St Peter then dropped me off at the apartment, I introduced him to Alena and after a man hug to both cheeks he was away. So, what I expected to be a five minute job turned into a bit of a mission of at least an hour and I once again failed to get photos of St Peter and the head cop, I must do better.
About 11am we were off, heading to Polignano a Mare on the north Adriatic coast. We had to take the same road as the previous day to Alborobello, it is a twisty scenic route and a pleasurable drive. We stopped again in Alborobello as Her Ladyship wanted a few more pics of the Trulli houses. We exited the town and headed north, at the next town I made a few navigational errors, sometimes the Garmin is a few seconds behind in catching up, probably due to the narrow roads and high buildings so before I know it I have made a wrong turn and have to wait for the inevitable recalc. Road sings are not very prolific but I spotted a sign for Polignano so took it and let the Garmin catch up in due course.
We arrived in Polignano with the inevitable grid system of narrow streets and one way systems. By some miracle I managed to get to the digs without a navigational feck up. There were two ladies outside the apartment, the cleaning ladies, they greeted us with effusive welcomes and smiles, one of them, Anca, was dressed as if she was about to out clubbing in a fetching fedora hat, shades, blouse, skin tight jeans and knee length high heeled boots, so very stylish.
While waiting for them to finish a car came up behind me so I had to move off around the block and when I got back there was a convenient parking spot just round the side of the apartment - good, no more parking fines today.
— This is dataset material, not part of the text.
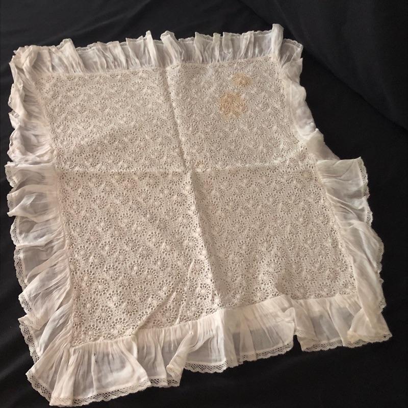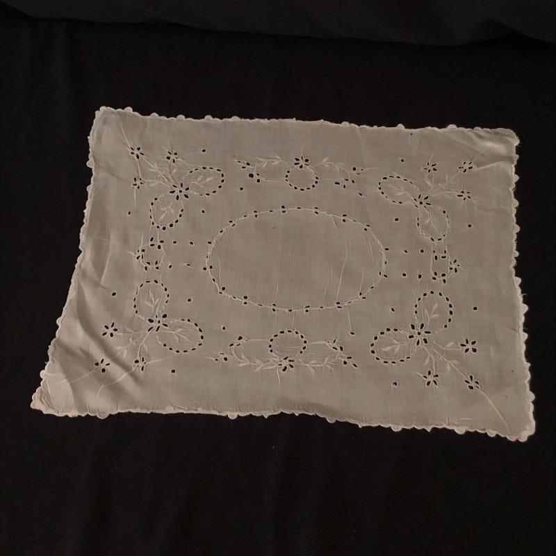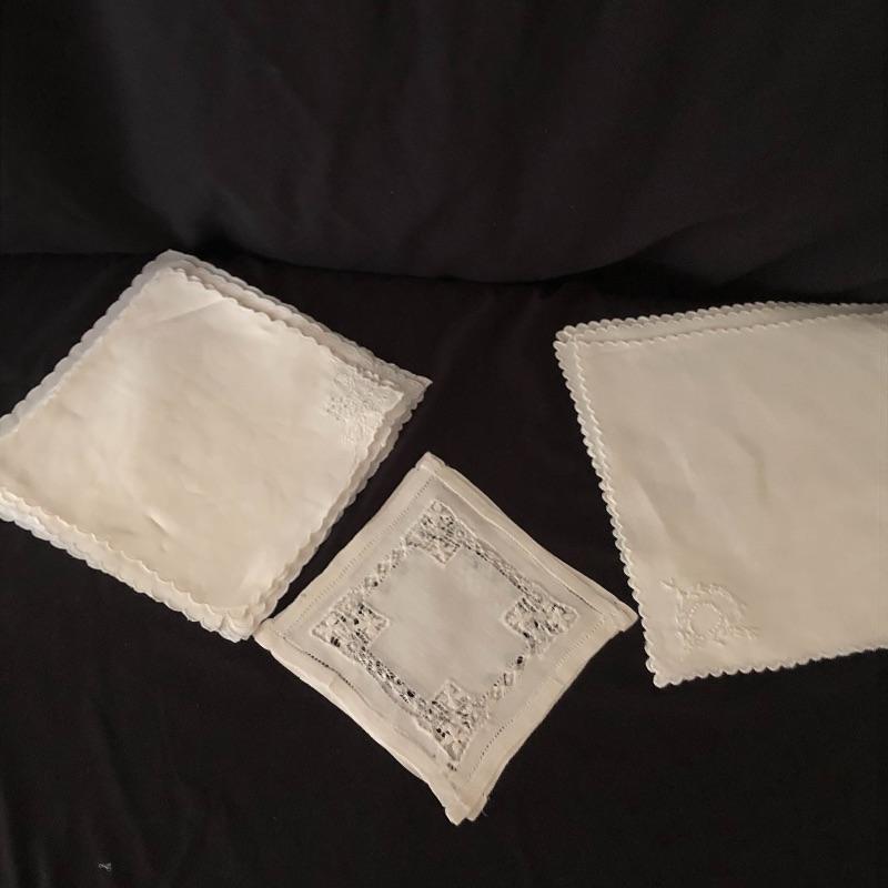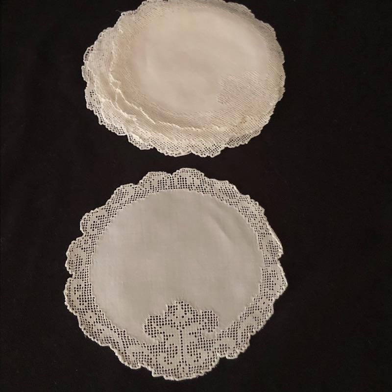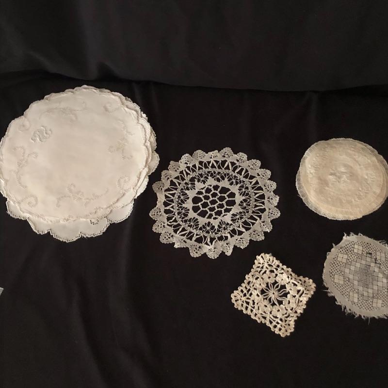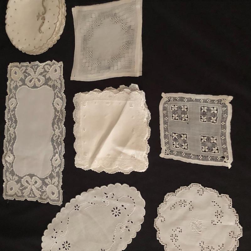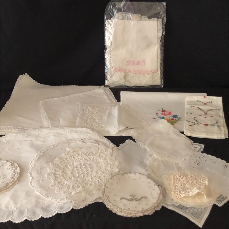 This adorable lot of vintage linens includes doilies, napkins and a beautiful lace pillowcase.; pillowcase does have a stain that is shown in images.

After a bit of lunch we headed off for an explore; the streets are immaculately clean, loads of shops, PaM is obviously a very chic holiday resort. Loads of cafes, trattoria, bistros and restaurants and of course the usual impressive architecture. We went onto a bridge over a gorge which looked over a rocky inlet, the sea was crashing in, we managed to find a set of steps that took us under the bridge and down to the shoreline. PaM is built on a series of high cliffs and the scenery is quite dramatic.
Now, PaM is famous for being the home town of Domenico Modugno who wrote and sang that Italian standard Volare, later covered by Dean Martin and many others, there is a statue dedicated to him. We stopped for cappuccinos and cakes, 7.50 Euros, not too bad.
Today we head for Matera which is one of the longest inhabited cities in the world, third after Aleppo and Jericho, it is another UNESCO heritage site. Many movies have been filmed here, many of them biblical epics and includes the latest Bond film No Time To Die. I am looking forward to this visit.